For Amrendra Mama, in gratitude
&
Chutkun, in friendship
Contents
- Becoming a science: The quest for academic respectability
- Meandering pathways: Betwixt the national and the global
- Privileging critique: Sociology and its metamorphosis into critical management studies
- Conclusion: Disciplinarity, inter-disciplinarity, and the new academy
- 2 Becoming a science: The quest for academic respectability
- 3 Meandering pathways: Betwixt the national and the global
- 4 Privileging critique: Sociology and its metamorphosis into critical management studies
- 5 Conclusion: Disciplinarity, inter-disciplinarity, and the new academy
Preface
At a personal level, this book is an attempt to make sense of my institutional shift from a department of sociology of an Indian University (Goa) to an Indian Institute of Management (Calcutta). However, it is not about an aspect of my intellectual biography alone. Nor is it a free-flowing narrative of purely personal experiences of mine as a sociologist.

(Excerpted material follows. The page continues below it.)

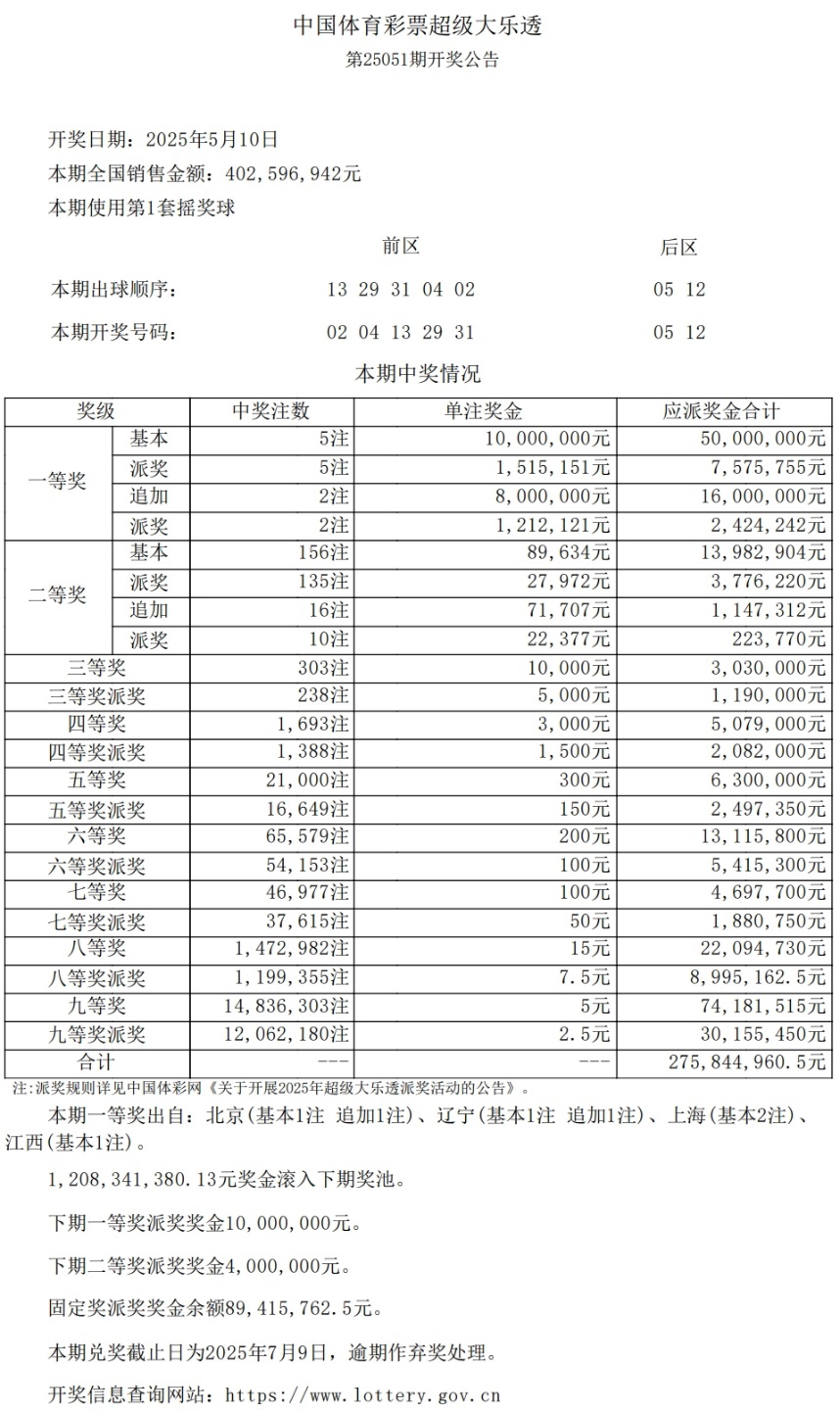 5月10日,超级大乐透8.8亿派奖第14期25051期开奖。前区开出号码02、04、13、29、31;后区开出号码05、12。本期全国销售4.02亿元,为国家筹集彩票公益金1.44亿元。
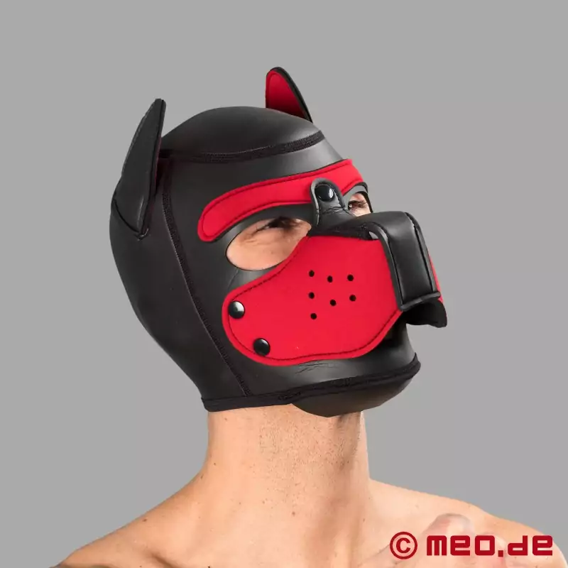 Bad Puppy 推出的黑红相间的狗狗面具向您传递一个明确的信息:霸气、活力和俏皮。四只爪子和高高翘起的尾巴让这款面具充满了活力。柔软而有弹性的氯丁橡胶狗面具可以完美地戴在头上,而不需要恼人的拉链或后面的系带。它是任何认真对待人类 Pup Play 角色的人的理想选择。

At a time when the academic world is increasingly subjected to the spirited demands of reflexivity, I go back to C. Wright Mills classic The Sociological Imagination (1959) as any old-fashioned student of sociology would do to remind myself of the need to cultivate the awareness of the relationship between personal experience and the wider society (1959: 5). In fact, students of sociology are enjoined to self-consciously develop an outlook on life that involves a deep understanding of the intersectionality of ones biography and the historically embedded social processes. It is this appreciation of the necessary interplay of the individual and the larger social context that constitutes what Mills evocatively termed the sociological imagination. It means a cultivated ability of a person to think ourselves away from our daily routines and look at them anew while connecting personal troubles to public issues (1959: 7). Viewed thus, this book is an attempt to sociologically look at the historically evolving relationship between sociology and management as academic disciplines dotting the contemporary institutional landscape of higher education.

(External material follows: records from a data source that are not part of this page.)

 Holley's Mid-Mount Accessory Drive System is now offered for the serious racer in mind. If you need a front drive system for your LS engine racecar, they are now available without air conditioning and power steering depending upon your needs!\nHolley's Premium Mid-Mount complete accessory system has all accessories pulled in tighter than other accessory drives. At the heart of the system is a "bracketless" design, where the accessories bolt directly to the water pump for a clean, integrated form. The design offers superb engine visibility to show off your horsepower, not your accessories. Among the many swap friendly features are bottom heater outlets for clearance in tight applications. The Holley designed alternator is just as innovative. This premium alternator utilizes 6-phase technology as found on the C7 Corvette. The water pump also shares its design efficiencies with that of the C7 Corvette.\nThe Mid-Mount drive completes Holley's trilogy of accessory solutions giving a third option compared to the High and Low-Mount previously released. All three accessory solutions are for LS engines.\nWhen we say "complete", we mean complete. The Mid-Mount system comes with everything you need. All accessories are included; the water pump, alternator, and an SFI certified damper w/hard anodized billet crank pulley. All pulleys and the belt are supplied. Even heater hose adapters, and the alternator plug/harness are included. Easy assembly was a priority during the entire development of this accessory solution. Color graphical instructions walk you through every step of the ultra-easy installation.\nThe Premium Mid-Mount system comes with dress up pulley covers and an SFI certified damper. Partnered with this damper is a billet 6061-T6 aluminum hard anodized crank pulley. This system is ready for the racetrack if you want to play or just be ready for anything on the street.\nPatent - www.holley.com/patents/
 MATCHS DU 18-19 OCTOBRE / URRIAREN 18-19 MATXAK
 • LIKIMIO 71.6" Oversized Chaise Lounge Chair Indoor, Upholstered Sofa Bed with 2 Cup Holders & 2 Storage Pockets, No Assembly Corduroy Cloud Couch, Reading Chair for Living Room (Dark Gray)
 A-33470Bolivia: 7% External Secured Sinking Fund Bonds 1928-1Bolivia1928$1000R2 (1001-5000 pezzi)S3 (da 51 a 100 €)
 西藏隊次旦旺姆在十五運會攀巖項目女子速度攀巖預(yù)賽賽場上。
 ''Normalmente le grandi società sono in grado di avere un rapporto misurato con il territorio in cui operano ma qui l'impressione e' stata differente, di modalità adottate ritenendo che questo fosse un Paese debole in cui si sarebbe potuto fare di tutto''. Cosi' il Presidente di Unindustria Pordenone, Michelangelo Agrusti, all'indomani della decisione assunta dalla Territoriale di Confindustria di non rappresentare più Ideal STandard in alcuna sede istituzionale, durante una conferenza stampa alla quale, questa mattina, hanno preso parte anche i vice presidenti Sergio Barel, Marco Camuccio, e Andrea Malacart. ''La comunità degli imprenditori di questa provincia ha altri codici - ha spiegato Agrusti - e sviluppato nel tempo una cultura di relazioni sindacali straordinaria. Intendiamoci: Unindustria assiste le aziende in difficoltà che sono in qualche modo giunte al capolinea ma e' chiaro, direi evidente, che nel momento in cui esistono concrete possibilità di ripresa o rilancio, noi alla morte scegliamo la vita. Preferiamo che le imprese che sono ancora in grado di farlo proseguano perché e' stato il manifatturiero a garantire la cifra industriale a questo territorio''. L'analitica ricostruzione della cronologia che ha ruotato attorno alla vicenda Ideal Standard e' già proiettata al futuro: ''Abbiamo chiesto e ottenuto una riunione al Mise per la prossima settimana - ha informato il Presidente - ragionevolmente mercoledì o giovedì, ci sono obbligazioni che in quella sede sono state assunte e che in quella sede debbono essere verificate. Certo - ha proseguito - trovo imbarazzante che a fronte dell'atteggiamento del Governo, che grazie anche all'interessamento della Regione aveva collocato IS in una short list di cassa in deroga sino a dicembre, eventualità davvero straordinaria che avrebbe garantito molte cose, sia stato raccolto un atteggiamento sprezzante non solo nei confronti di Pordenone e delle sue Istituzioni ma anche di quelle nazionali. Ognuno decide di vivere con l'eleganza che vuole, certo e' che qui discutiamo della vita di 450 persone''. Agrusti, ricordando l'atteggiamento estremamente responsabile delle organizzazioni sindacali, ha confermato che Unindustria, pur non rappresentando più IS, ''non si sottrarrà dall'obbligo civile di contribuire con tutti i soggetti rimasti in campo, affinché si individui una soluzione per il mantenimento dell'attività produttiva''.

Indeed, an implicit engagement with elements of my intellectual biography animates this endeavour to illuminate the intricacies of relationships between the changing fortunes of two related disciplines sociology and management. For years now, I have spent a great deal of time thinking, reading, and occasionally writing about the ways in which the two disciplines of sociology and management could speak to and benefit from each other. In 2010, I published an interim reflection on the relationship between sociology and management in the specific context of the Indian Institutes of Management (IIMs), which appeared in a collection of essays edited by Maitrayee Chaudhuri under the title Sociology in India: Intellectual and Institutional Practices. In hindsight, that essay appears a rambling lament of a young sociologist on the lookout for disciplinary certitude. A few years later, in 2017, as a co-editor (with my colleague R. Rajesh Babu) of the volume titled Management Education in India: Perspectives and Practices, I gained significant insights into the general relationship between management and related academic disciplines. I also got a wider perspective on the history of management education in India. Yet, as the title itself reveals, my thinking remained largely India-centric. The current volume amplifies some of these earlier themes in new ways. Unavoidably, there are certain repetition of ideas and themes across chapters. However, the book is refreshingly novel in its conceptualisation and execution and not a compendium of old (albeit revisited) ideas.